*Problem details*
Starting at the line that holds "Dieser Marienkäfer wird" and stopping at the line that holds "A loudly dressed", restate the records below word for word, with both of those lines included.

*Material shown*
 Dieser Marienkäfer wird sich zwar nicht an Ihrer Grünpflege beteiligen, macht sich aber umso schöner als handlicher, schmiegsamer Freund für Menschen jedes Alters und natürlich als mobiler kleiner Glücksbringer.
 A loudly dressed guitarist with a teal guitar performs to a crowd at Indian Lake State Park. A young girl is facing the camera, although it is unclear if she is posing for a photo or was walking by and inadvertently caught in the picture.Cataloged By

...

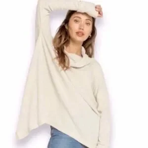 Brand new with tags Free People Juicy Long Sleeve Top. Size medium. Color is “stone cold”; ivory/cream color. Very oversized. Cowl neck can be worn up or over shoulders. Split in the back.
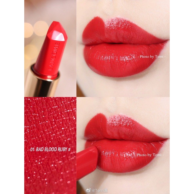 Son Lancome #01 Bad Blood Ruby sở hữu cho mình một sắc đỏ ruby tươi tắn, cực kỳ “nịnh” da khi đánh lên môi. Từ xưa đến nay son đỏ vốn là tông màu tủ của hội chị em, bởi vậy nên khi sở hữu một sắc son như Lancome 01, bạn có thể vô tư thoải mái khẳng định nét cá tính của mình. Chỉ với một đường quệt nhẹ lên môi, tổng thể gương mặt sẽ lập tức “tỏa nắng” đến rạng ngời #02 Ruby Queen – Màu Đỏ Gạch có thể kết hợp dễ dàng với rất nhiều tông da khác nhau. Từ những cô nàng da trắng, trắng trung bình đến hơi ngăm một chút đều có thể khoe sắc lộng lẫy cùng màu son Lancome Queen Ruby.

*Result of this task*
 Dieser Marienkäfer wird sich zwar nicht an Ihrer Grünpflege beteiligen, macht sich aber umso schöner als handlicher, schmiegsamer Freund für Menschen jedes Alters und natürlich als mobiler kleiner Glücksbringer.
 A loudly dressed guitarist with a teal guitar performs to a crowd at Indian Lake State Park. A young girl is facing the camera, although it is unclear if she is posing for a photo or was walking by and inadvertently caught in the picture.Cataloged By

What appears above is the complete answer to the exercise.